The spurn of the screw

Now there’s one less way for Big Coal to screw over Americans

By on Jul 1, 2016Share

The Obama administration took a small step on Thursday to prevent coal companies from fleecing taxpayers.

Until now, the biggest coal conglomerates were getting away with scamming the government by selling coal mined on federal land to their own subsidiaries for a discounted, below-market price. Since the government’s royalties from that coal are a percentage of the sale price, that meant the companies were paying lower royalties than they should have been. Forty-two percent of the coal produced in Wyoming’s Powder River Basin — the biggest coal-producing area in the U.S. right now — was being sold through these “captive transactions,” according to Public Citizen, a good government advocacy group.

On Thursday, the Interior Department issued a new rule that puts a stop to that practice.

“One of the things Cloud Peak [Energy] and other coal companies were doing is selling to an affiliate at the mine mouth and then selling it in the export market at a significantly higher price,” says Tyson Slocum, director of Public Citizen’s energy program. This new rule will allow the department to more accurately calculate the “market value” of coal, oil, and gas extracted on public land and make sure it’s getting paid fair royalties. Slocum estimates that this could bring in an additional $300 million per year in royalties.

This is important for two reasons: Corporations should not be stealing from the public, and every penny we undercharge fossil-fuel companies is an implicit subsidy for the dirty fuels that cause climate change. Coal companies are struggling, and instead of throwing them a lifeline that will help them stay in the business of worsening global warming, we should be letting them sink.

Crucially, unlike many other rules issued by federal agencies, this new rule will apply not just to future leases but also to ones that already exist. So even under a coal lease bought five years ago, a company will now have to pay fairer royalty rates going forward.

This is just the beginning of reforms needed to the federal fossil-fuel leasing system. A bigger issue is that coal, oil, and gas lease rates have failed to keep pace with the market, and on top of that they do not factor in the social costs of pollution and climate change. If they did those two things, the cost of fossil-fuel leases would be prohibitive. As it is, the leasing program is a big money-loser for the federal government. Greenpeace estimates that coal leasing alone costs taxpayers some $50 billion per year.
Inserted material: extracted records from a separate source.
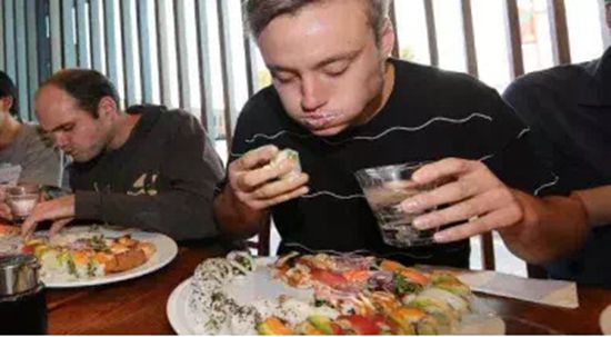 比賽共進(jìn)行2輪,每輪邀請4組選手上臺(tái)參與,工作人員將壽司擺放到位,參賽者快速吃完視為完成,獲得獎(jiǎng)品。▼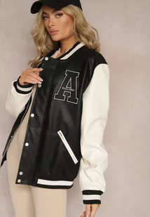Czarna Kurtka o Fasonie Bomberki z Ekoskóry z Dzianinowymi Rękawami Talvina
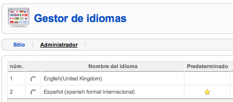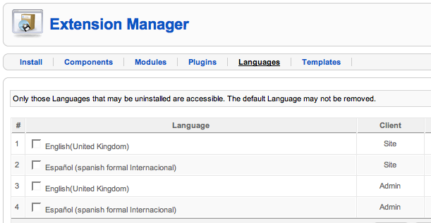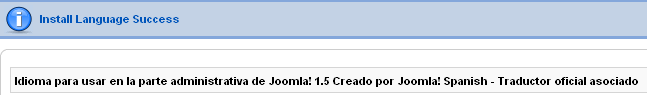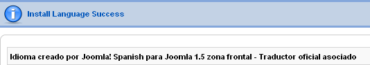 Estamos en condiciones de disponer de nuestro espacio web en el idioma que deseemos, siempre que podamos conseguir los archivos necesarios. En Joomla! los idiomas son extensiones, y se instalan y gestionan desde el menú "Extensions" del menú principal de la Administración de Joomla! Existen traductores oficiales de la distribución original en inglés de Joomla!, que en nuestro caso, si queremos conseguir los archivos que nos permitirán tener Front-end y Back-end en español, es Joomla! Spanish.

Ultimately, of course, we should be keeping fossil fuels in the ground — especially on land owned by the public. Hillary Clinton has pledged to move toward that goal, but she hasn’t specified a timeline. President Obama and Interior Secretary Sally Jewell have only promised to ensure that the public gets a fair price for fossil fuels extracted from public land, and to align the leasing programs with the administration’s goal of combatting climate change. It’s not clear what exactly either of those things mean. But in January, the Interior Department put a moratorium on new coal leases pending the results of a multi-year environmental review of the leasing program.

Climate activists have made fixing the broken fossil-fuel leasing system their top priority, and clearly more changes will occur, but no one knows how far they will go.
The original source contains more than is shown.